| Work order |
Restate the data word for word and leave the images out.

| Data below |
•••

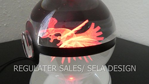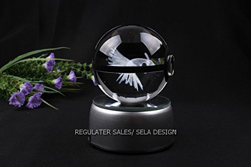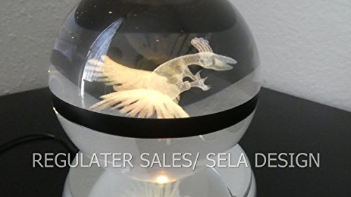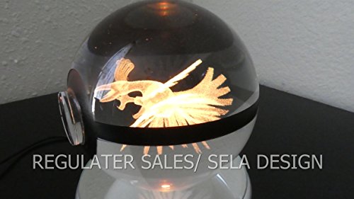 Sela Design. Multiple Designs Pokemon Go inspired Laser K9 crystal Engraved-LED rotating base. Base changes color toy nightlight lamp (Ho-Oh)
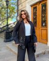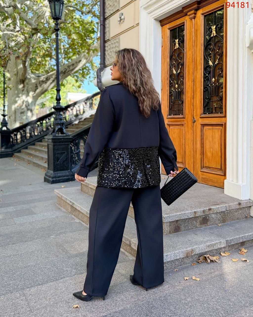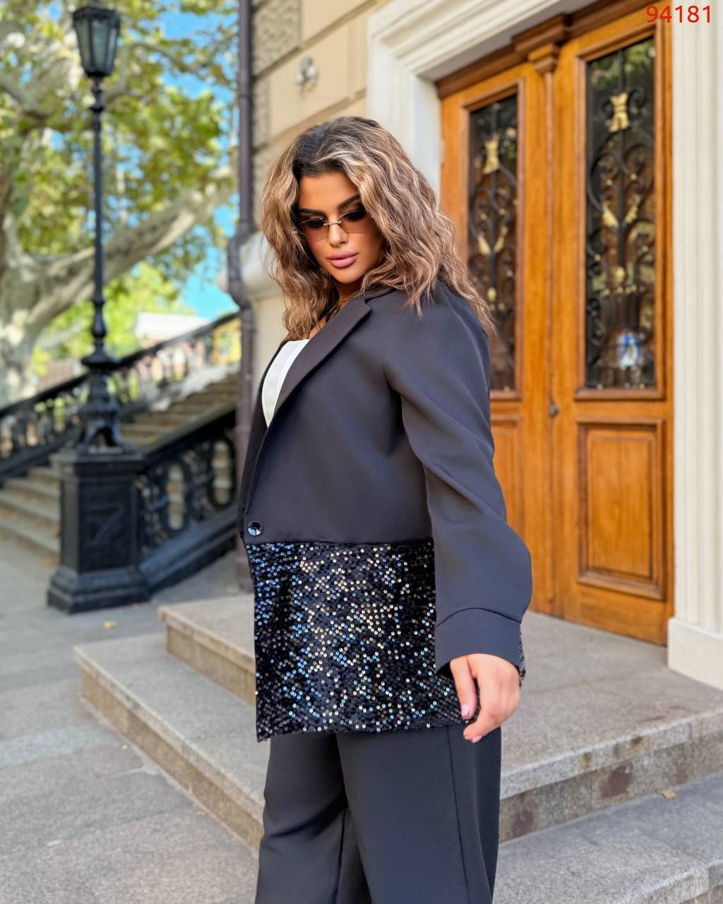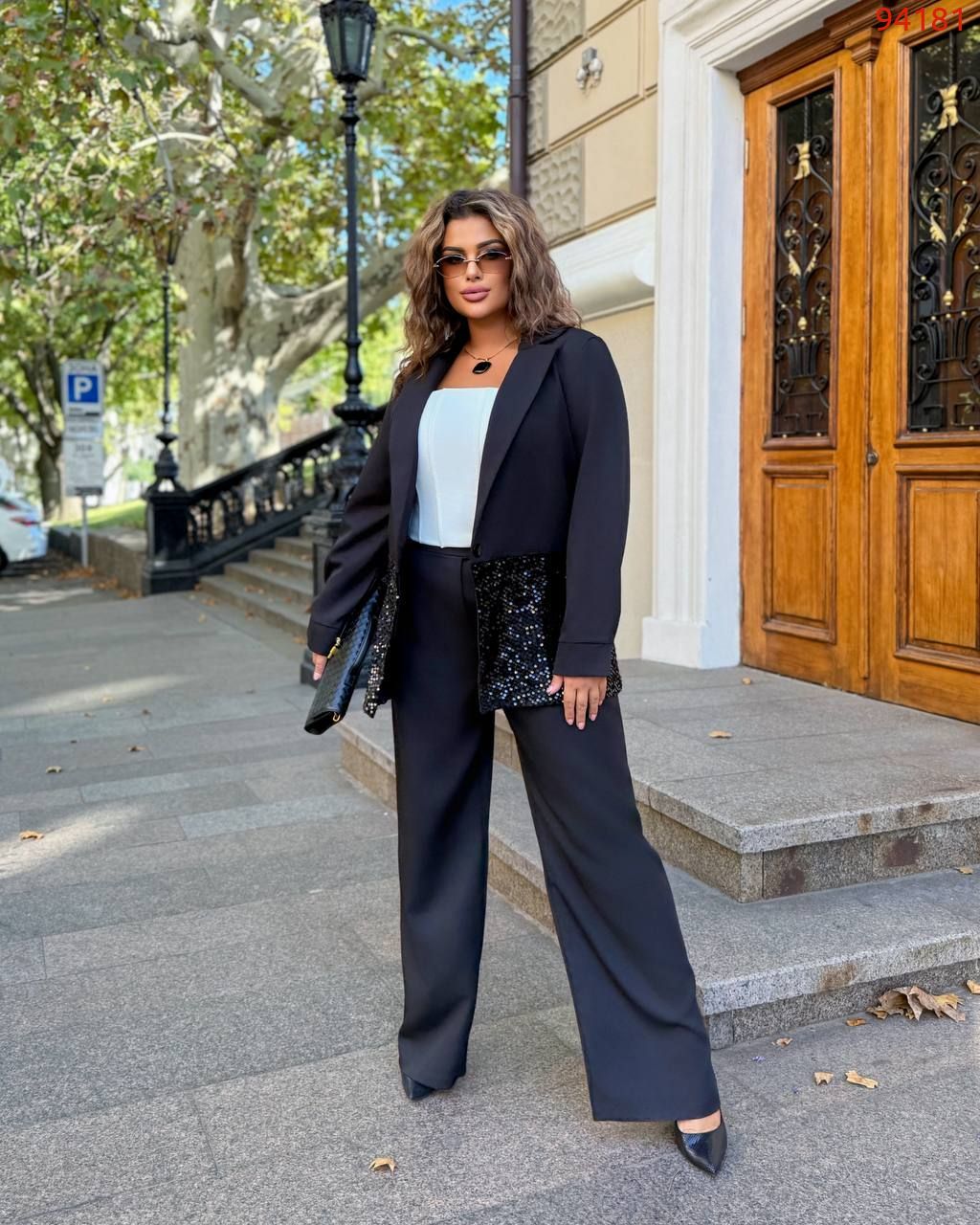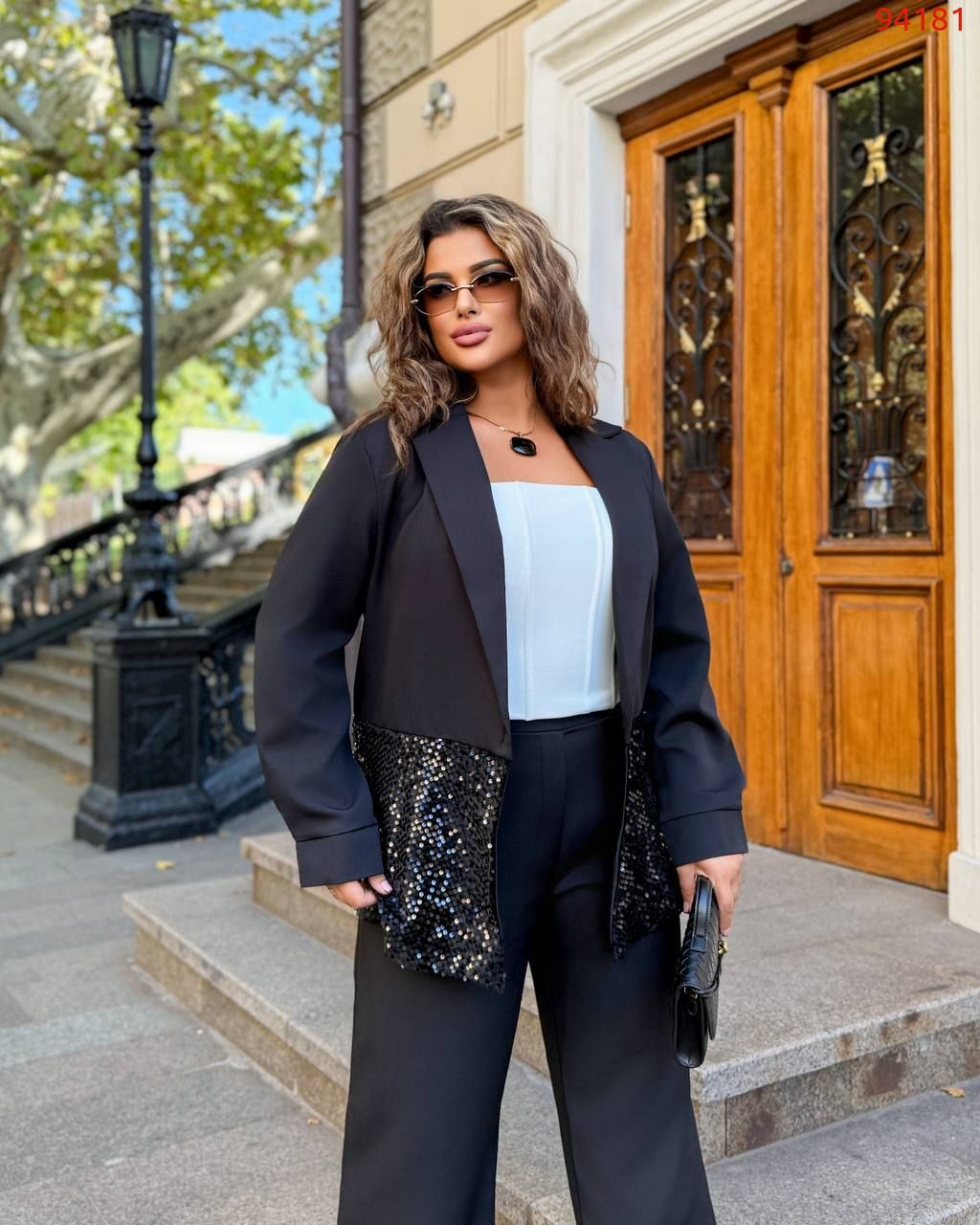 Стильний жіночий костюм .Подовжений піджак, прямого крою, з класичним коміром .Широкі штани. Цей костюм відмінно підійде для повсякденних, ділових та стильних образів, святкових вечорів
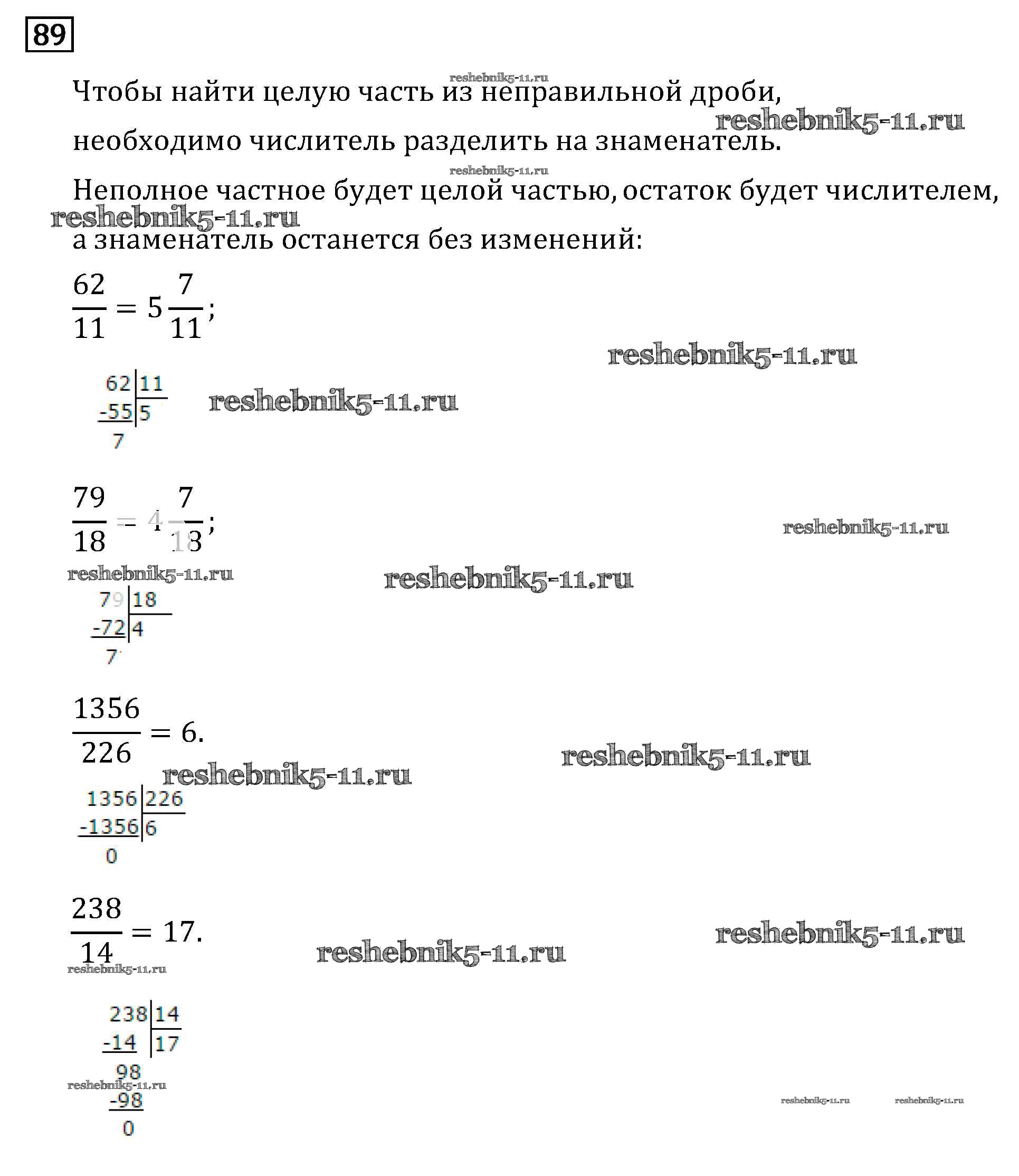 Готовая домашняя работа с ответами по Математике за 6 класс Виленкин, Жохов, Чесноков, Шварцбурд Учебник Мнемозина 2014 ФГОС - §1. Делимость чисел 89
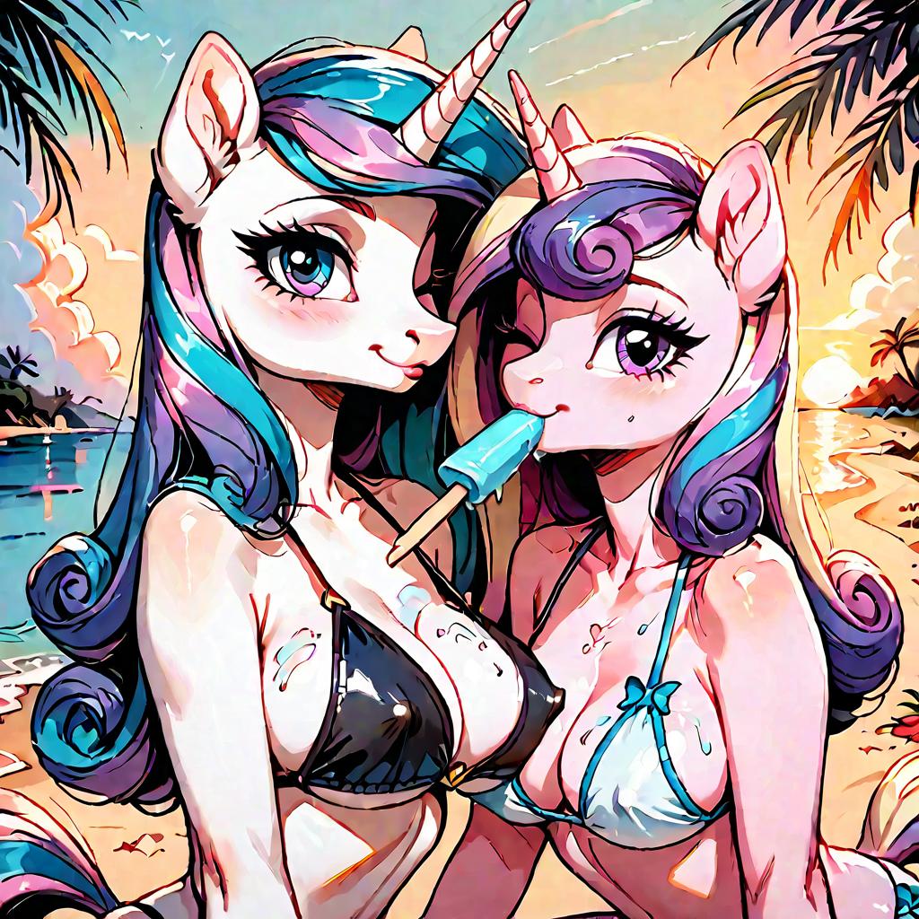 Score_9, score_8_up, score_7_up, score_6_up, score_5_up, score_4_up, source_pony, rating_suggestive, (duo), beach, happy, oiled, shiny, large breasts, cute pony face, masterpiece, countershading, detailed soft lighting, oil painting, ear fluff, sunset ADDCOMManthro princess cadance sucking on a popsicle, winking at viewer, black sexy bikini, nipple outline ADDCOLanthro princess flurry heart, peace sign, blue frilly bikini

•••

| Task result |
 Sela Design. Multiple Designs Pokemon Go inspired Laser K9 crystal Engraved-LED rotating base. Base changes color toy nightlight lamp (Ho-Oh)
 Стильний жіночий костюм .Подовжений піджак, прямого крою, з класичним коміром .Широкі штани. Цей костюм відмінно підійде для повсякденних, ділових та стильних образів, святкових вечорів
 Готовая домашняя работа с ответами по Математике за 6 класс Виленкин, Жохов, Чесноков, Шварцбурд Учебник Мнемозина 2014 ФГОС - §1. Делимость чисел 89
 Score_9, score_8_up, score_7_up, score_6_up, score_5_up, score_4_up, source_pony, rating_suggestive, (duo), beach, happy, oiled, shiny, large breasts, cute pony face, masterpiece, countershading, detailed soft lighting, oil painting, ear fluff, sunset ADDCOMManthro princess cadance sucking on a popsicle, winking at viewer, black sexy bikini, nipple outline ADDCOLanthro princess flurry heart, peace sign, blue frilly bikini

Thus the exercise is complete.